• What to produce:
Your job is to print, exactly, the lines in the data below from the line with "Darüber hinaus ist" through the line with "Детали: прямой укороченный", both included, and to omit any picture.

Stored records
=======
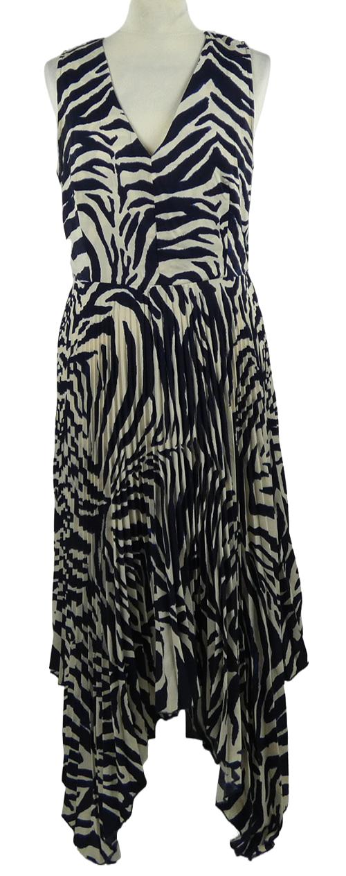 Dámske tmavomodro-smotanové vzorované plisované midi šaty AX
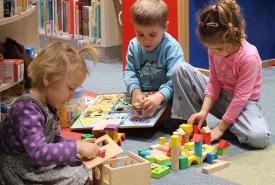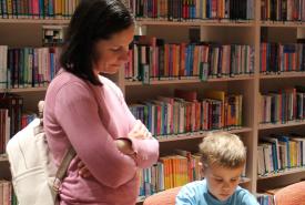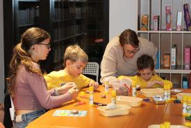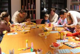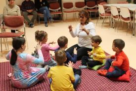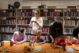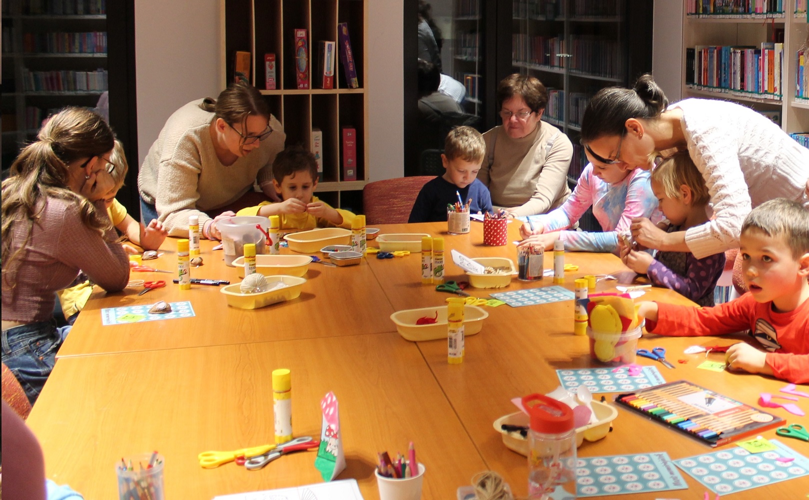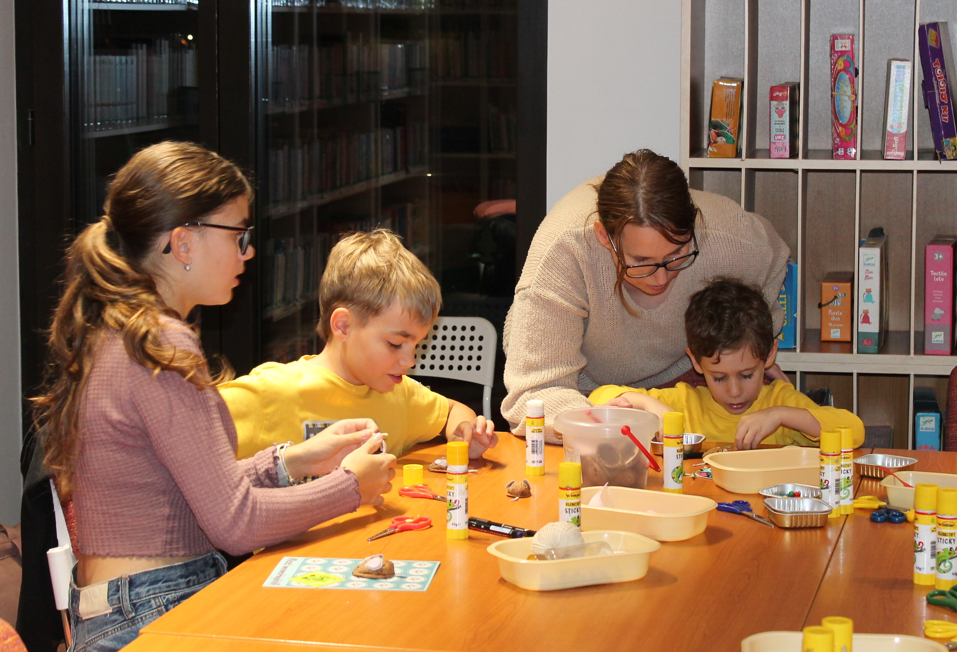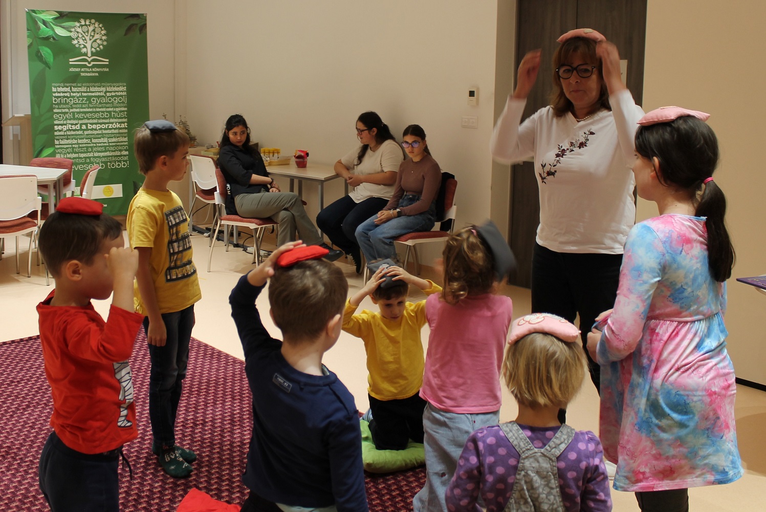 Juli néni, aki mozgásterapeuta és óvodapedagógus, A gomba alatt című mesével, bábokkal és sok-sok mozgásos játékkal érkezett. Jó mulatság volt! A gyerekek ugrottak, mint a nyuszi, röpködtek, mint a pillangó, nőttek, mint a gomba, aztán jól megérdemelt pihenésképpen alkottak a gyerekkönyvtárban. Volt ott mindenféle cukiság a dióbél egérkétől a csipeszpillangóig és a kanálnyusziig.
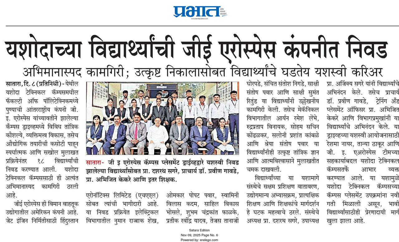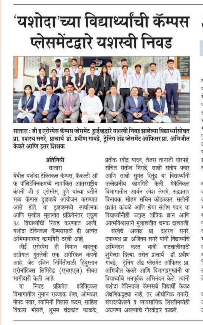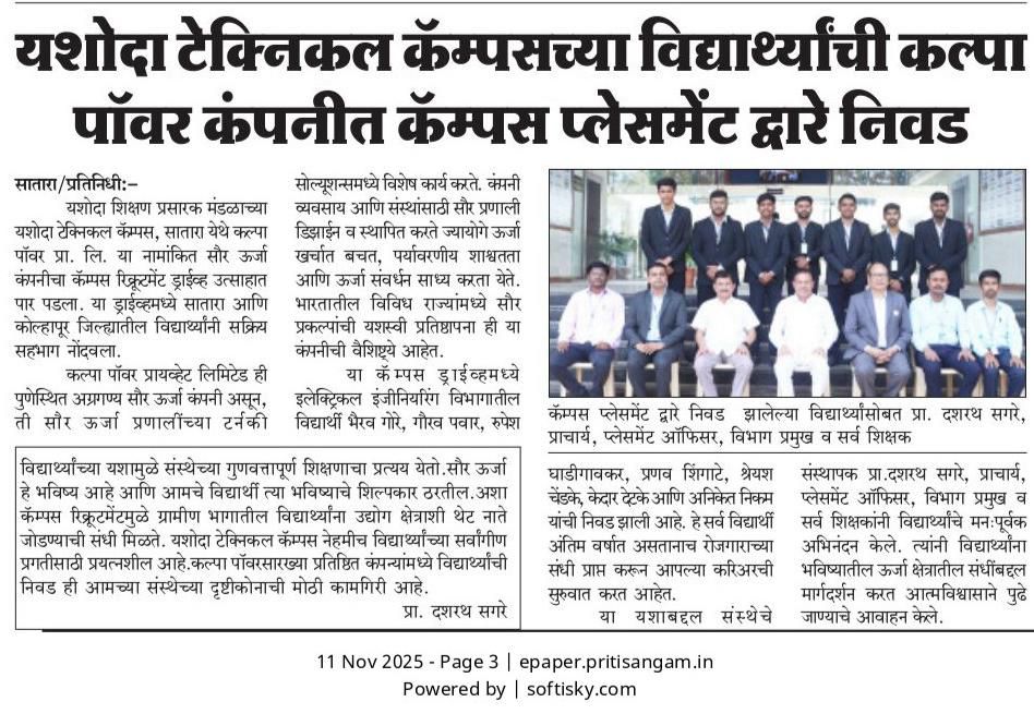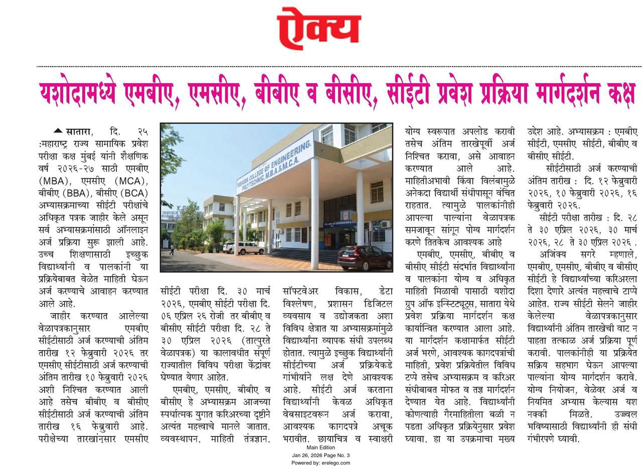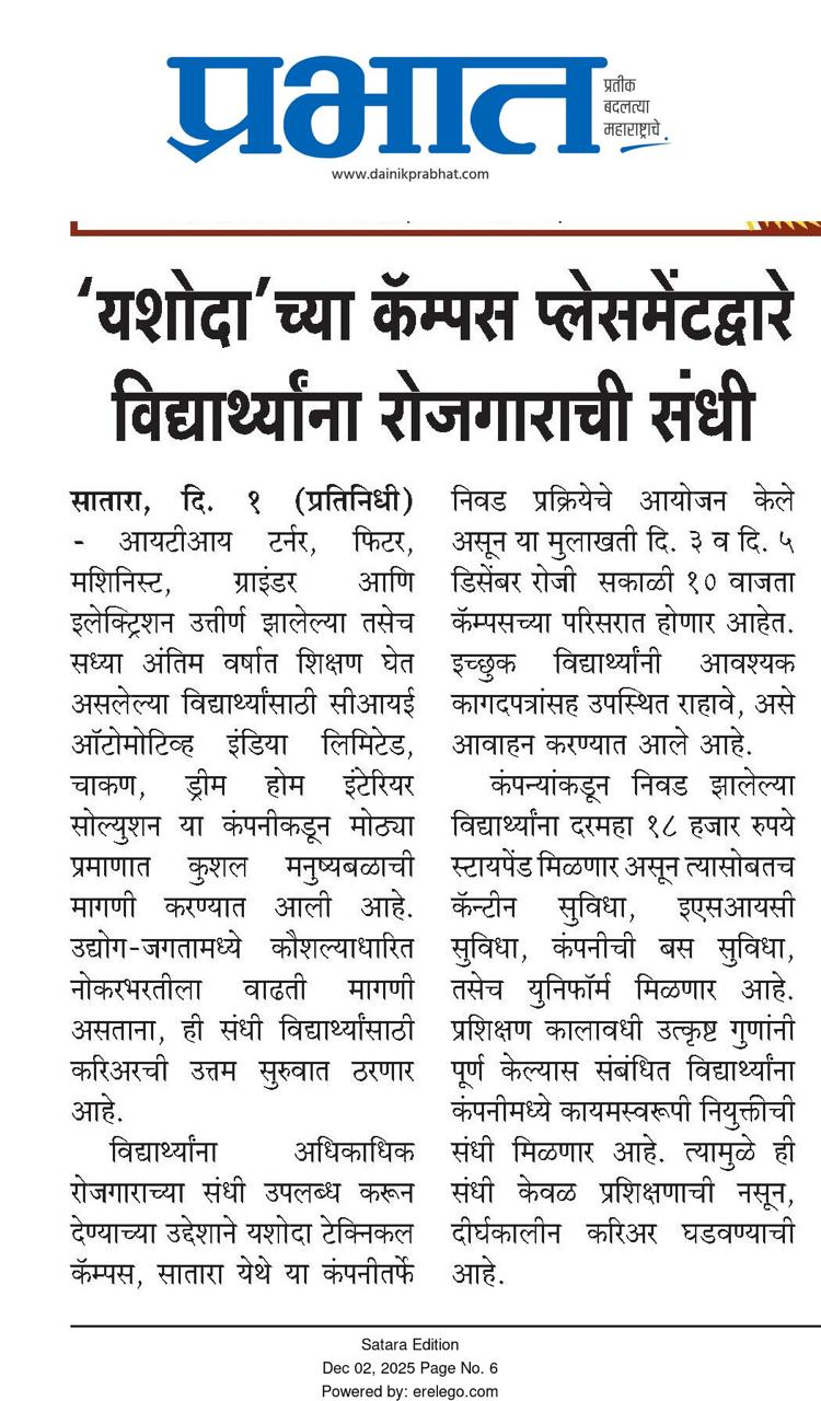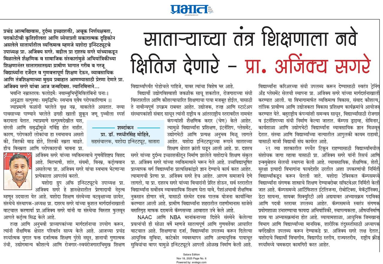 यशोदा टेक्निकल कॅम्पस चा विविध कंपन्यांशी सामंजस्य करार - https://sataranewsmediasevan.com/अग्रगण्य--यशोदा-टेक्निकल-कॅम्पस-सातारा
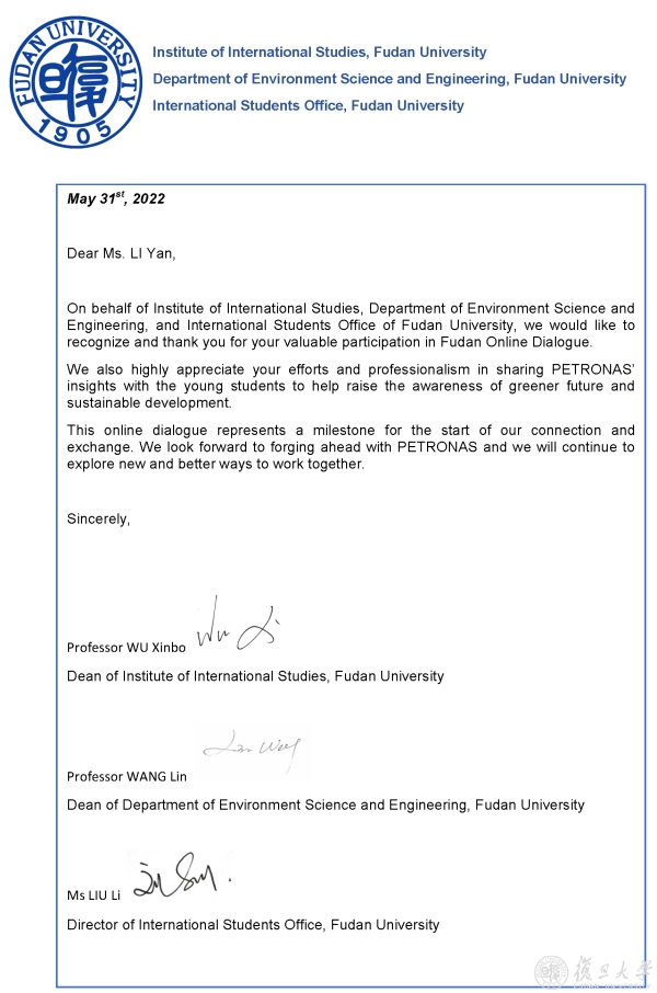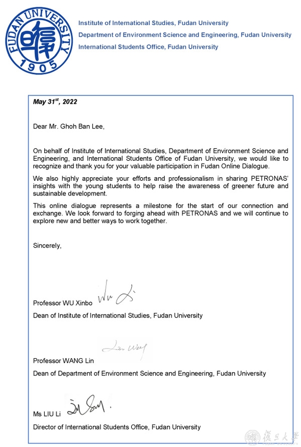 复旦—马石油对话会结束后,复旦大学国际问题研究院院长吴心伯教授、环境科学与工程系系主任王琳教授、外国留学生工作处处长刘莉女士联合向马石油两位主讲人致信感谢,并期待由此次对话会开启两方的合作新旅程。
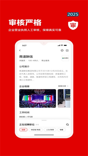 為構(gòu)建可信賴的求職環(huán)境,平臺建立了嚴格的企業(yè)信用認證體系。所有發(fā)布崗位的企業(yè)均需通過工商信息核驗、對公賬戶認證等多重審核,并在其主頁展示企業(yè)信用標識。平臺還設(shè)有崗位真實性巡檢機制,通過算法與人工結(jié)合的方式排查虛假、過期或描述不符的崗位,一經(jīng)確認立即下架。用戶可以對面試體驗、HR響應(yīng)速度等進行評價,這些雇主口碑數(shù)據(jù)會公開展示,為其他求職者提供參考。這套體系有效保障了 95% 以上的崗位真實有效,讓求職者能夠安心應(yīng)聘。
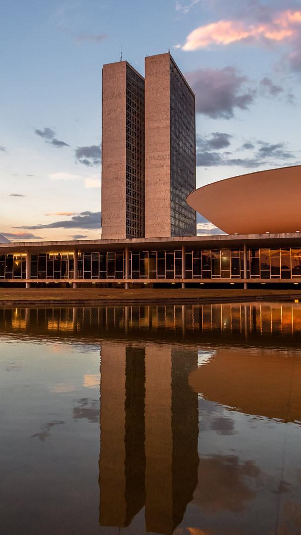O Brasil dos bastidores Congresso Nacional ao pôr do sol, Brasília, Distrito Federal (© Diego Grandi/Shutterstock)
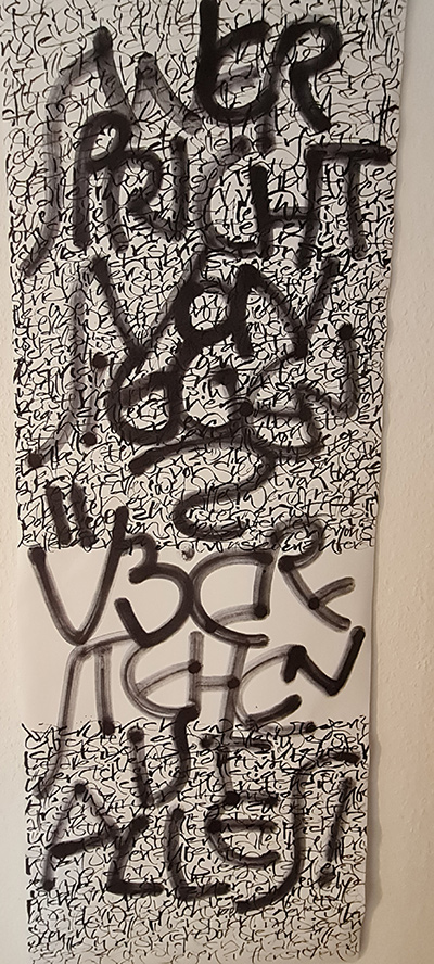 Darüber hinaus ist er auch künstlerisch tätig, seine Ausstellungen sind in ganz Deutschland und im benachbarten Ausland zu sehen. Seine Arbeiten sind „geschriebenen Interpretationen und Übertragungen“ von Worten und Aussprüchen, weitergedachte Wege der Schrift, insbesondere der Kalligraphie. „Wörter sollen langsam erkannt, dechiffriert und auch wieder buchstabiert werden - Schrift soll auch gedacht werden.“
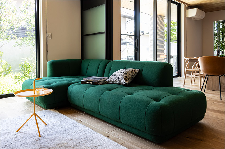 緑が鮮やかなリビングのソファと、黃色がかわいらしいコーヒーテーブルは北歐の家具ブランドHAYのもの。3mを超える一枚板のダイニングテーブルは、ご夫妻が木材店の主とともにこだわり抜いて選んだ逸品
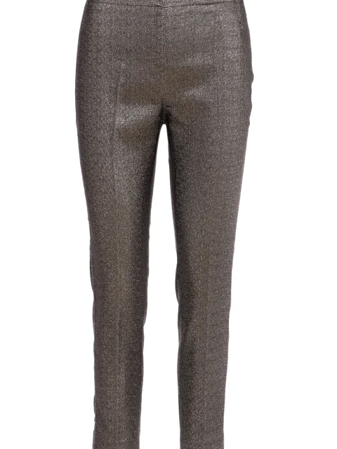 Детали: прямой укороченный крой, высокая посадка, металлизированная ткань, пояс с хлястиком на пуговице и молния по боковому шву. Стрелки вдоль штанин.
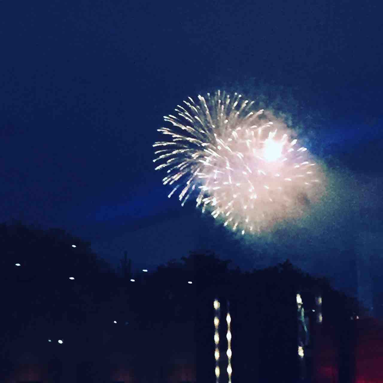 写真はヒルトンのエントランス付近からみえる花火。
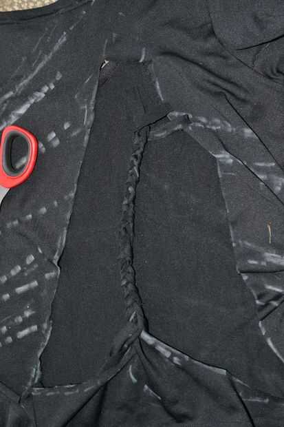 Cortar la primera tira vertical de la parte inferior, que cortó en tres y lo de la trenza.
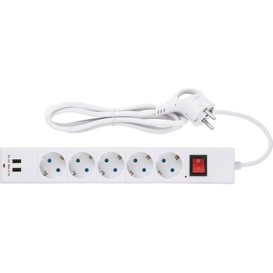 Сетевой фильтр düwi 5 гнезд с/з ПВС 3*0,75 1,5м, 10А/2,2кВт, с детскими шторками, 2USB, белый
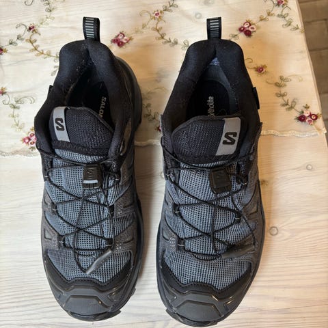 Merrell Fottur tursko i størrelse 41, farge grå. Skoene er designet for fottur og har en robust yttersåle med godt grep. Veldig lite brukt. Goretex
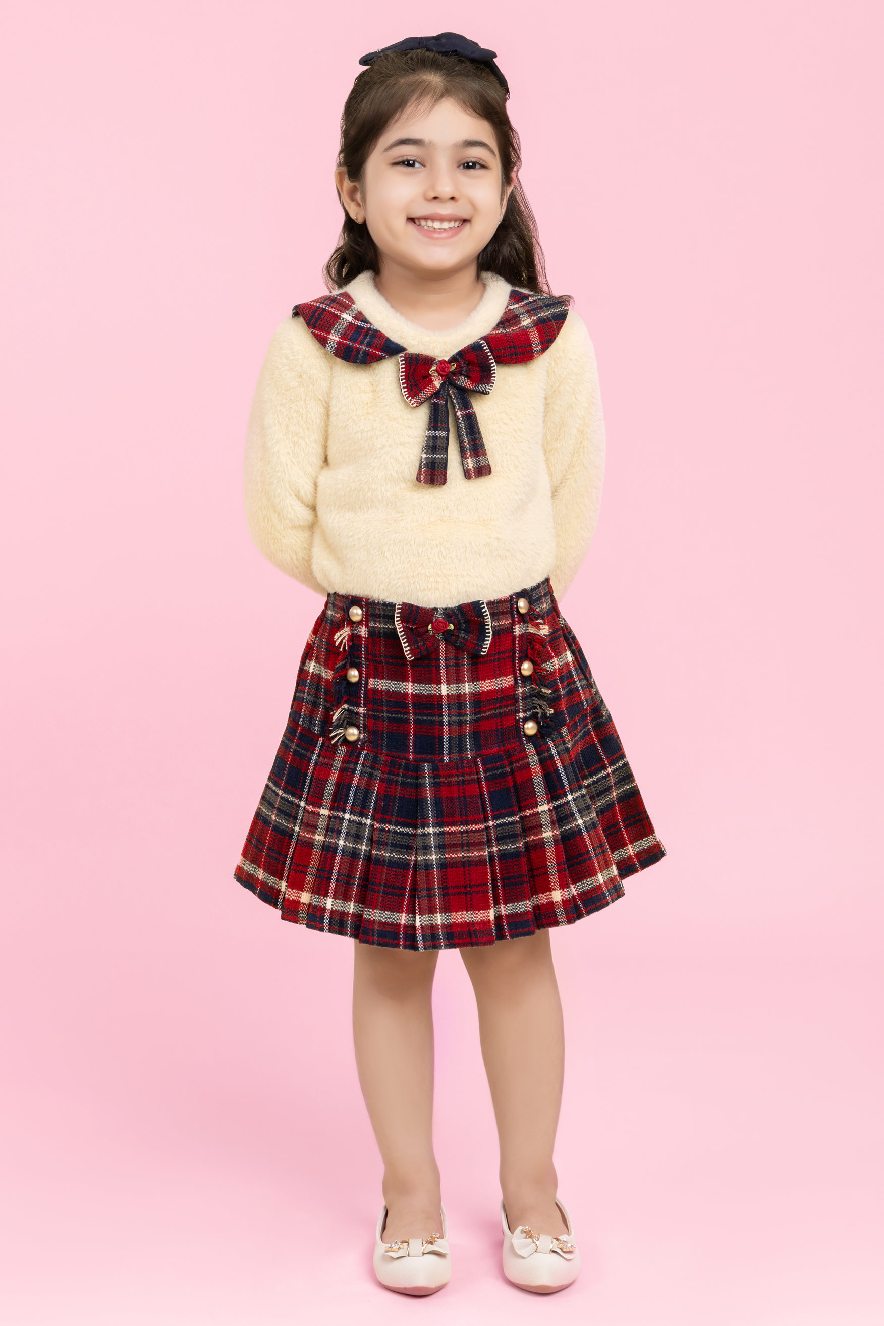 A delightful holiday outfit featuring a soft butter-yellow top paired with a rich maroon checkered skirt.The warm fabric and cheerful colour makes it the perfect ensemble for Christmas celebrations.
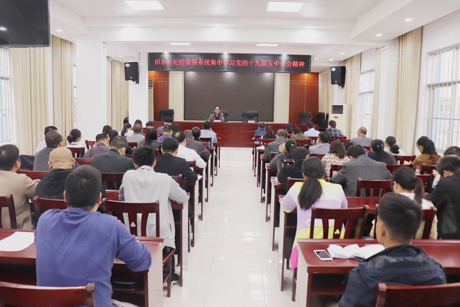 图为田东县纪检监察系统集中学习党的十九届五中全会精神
=======
• Solution for this problem:
 Darüber hinaus ist er auch künstlerisch tätig, seine Ausstellungen sind in ganz Deutschland und im benachbarten Ausland zu sehen. Seine Arbeiten sind „geschriebenen Interpretationen und Übertragungen“ von Worten und Aussprüchen, weitergedachte Wege der Schrift, insbesondere der Kalligraphie. „Wörter sollen langsam erkannt, dechiffriert und auch wieder buchstabiert werden - Schrift soll auch gedacht werden.“
 緑が鮮やかなリビングのソファと、黃色がかわいらしいコーヒーテーブルは北歐の家具ブランドHAYのもの。3mを超える一枚板のダイニングテーブルは、ご夫妻が木材店の主とともにこだわり抜いて選んだ逸品
 Детали: прямой укороченный крой, высокая посадка, металлизированная ткань, пояс с хлястиком на пуговице и молния по боковому шву. Стрелки вдоль штанин.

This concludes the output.